FasterXML / jackson-dataformats-binary

Uber-project for standard Jackson binary format backends: avro, cbor, ion, protobuf, smile
Apache License 2.0
314 stars 136 forks source link

Deserialization of "empty" Records as root values fails #177

Closed marcospassos closed 5 years ago

marcospassos commented 5 years ago

@cowtowncoder Could you please give me some guidance on how to fix this issue? I'd like to fix it in time for 2.10.

The unit test spots the issue: empty records fail on deserialization.

cowtowncoder commented 5 years ago

Quick question here: is this related to how Apache Avro library generates schema, or can this be easily replicated with textual schema and/or Avro module's schema generator?

Just figuring out where to add the test: if it's related to apache lib, interop is fine; but if not I try to keep depenencies to it to minimum.

I will try to help with this issue over the weekend: thank you for all your work on Avro module & apologies for limited time I have to spend to help keep you unblocked.

marcospassos commented 5 years ago

Quick question here: is this related to how Apache Avro library generates the schema, or can this be easily replicated with textual schema and/or Avro module's schema generator?

I don't believe that is related to schema generation, but rather to the serialization logic that expects a non-empty list of field, mainly because I’m providing the schema in the test.

Thank you for your support. I'm glad to contribute to a library that helps us that much.

cowtowncoder commented 5 years ago

@marcospassos Ok so the test can be simplified to use (f.ex) embedded schema it sounds like.

cowtowncoder commented 5 years ago

Did not have time to dig into this today: it's at top of my list and (aside from adding comments which I prioritize high to try to help everyone), and should be able to at least get test added, have a look at exception tomorrow,

cowtowncoder commented 5 years ago

@marcospasson Ok yes, I can see the problem. Will see if I can easily fix this corner case.

cowtowncoder commented 5 years ago

Hmmh. So, end-of-input detection by reader notices we are out of content (which is true), but reader probably would need to synthesize START_OBJECT/END_OBJECT for special case of empty Object(s). Possibly/probably only affects root values, not nested ones.

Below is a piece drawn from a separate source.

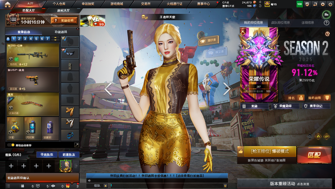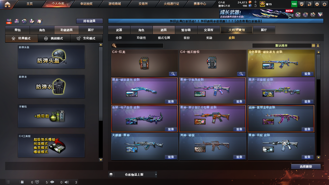 装备描述:幻神,星霆,g36c,qbz,蝴蝶刀,白虎,竞技荣光周年套等百v账号

cowtowncoder commented 5 years ago

This may be difficult thing to fix. The problem is that at root level decision needs to be made regarding whether more content is available or not, and that is determined by checking if more content is available. In this case there isn't, and usually that signals end-of-content. But since "empty" Record takes no space, in this instance expectation is that handling should sort of materialize empty structure (START_OBJECT, END_OBJECT) out of no content.

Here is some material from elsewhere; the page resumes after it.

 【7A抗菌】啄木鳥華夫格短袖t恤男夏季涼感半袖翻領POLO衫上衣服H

So: the idea would be to detect the case of Record with no fields being read, and if so, avoid indicating end-of-content. With that RecordReader should be able to properly return START_OBJECT/END_OBJECT sequence as expected.

cowtowncoder commented 5 years ago

And just to test above: if I pass new byte[1], test passes: reader is able to get empty record decoded. So the trick is just to figure out how to find this special case in RootReader, either during its initialization, or, possibly, within nextToken() if possible.

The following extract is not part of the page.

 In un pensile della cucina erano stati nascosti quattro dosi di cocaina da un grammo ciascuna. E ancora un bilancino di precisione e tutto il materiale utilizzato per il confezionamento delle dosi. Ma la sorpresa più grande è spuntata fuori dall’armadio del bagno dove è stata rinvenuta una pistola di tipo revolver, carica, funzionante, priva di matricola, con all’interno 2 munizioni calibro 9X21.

marcospassos commented 5 years ago

Hmmm, got it. How about checking the schema for emptiness?

cowtowncoder commented 5 years ago

That is sort of what I ended up doing, having a look at fields found, if any. I suspect some edges might still cause problems (maybe for "constant" values), but this case works now.

Well, it does for 2.10; master has something else remaining that I need to look into (due to optimized field-name lookups).

marcospassos commented 5 years ago

Thank you!

cowtowncoder commented 5 years ago

Np -- thank you for reporting it. Let me know if you find other edge cases.